On Jan 5, 2006, at 8:51 PM, James Harper wrote:

My understanding of ISDN is that data is transmitted in frames of 16
data bits (B1) + 16 data bits (B2) + 4 data bits (D) + some
synchronisation. 4000 of these frames are received per second, which
gives us the 16 * 4000 = 64kbps rate for the B channels and 4 * 4000 =
16kbps rate for the D channel. To get the zaptel timing of 1000
interrupts/second, the card needs to be able to generate an interrupt
off (at least) every 4th frame. If the best it could do was to generate
an interrupt per frame, how much would that kill the system in interrupt
servicing?

That's something you'll have to investigate on a card per card basis. Generating a lot of interrupts in itself is not a terrible load intensive task; it's if you have a lot of things to do in the interrupt handler or for some reason you miss an interrupt (particularly if you're passing non-voice data) and loose data that you can have problems.

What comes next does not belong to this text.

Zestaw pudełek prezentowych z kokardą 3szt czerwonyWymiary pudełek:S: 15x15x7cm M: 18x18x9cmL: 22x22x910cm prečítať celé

Looking at the way some of the zaptel drivers work, this timer interrupt
is the only interrupt that is cared about, and the card is polled per
interrupt rather than being truly interrupt driven. Or maybe I just
haven't looked at enough drivers...

Can anyone tell me what sort of pre-processing needs to be done to the
raw data from a [BP]RI card into the zaptel driver? I assume that the D
channel needs to be decoded from the raw bits on the line (or does
it...?), but does the zaptel logic need anything more than raw bits from
the B channels? I'm not really familiar with PRI cards, but in the BRI
space there are 'passive' cards, 'semi-active' card, and 'active'
cards... can zaptel cope with different levels of processing being done
on the card, or does it like to do it all itself? Or none of it itself?

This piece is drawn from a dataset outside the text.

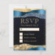 Blue and Gold Glam Tears Bokeh Wedding RSVP Card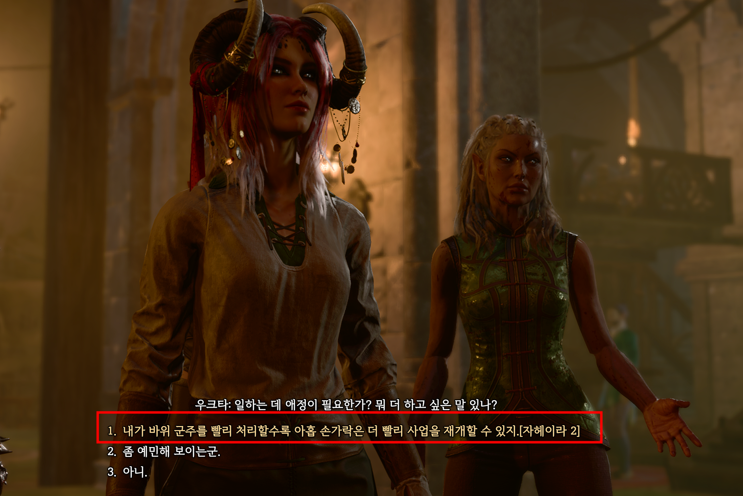 상점에 들어가서 엔탈 단텔론과 대화를 하면 된다. 이 퀘스트는 자헤이라의 동료 퀘스트이므로 자헤이라를 파티에 영입에서 진행하는 것이 대화도 더 재밌고 유리하게 진행된다.

Zaptel likes to just have the raw B-channel data. If you are trying to also interface the D-channel with zaptel and you can pull your HDLC-unstuffed messages from the BRI controller, you can use the software API for zaptel for basically passing D-channel messages into the zaptel buffers the way the userland apps expect it (without having to go through the HDLC and other code). If you look at bug note 5120 (IIRC) the most recent version of the patch against zaptel can be found.

Due to the timing difference, (16kbps as opposed to 64kbps) this is the approach you'll probably want to take for the D-channel, unless you can think of a really clever way to pass the raw data into zaptel.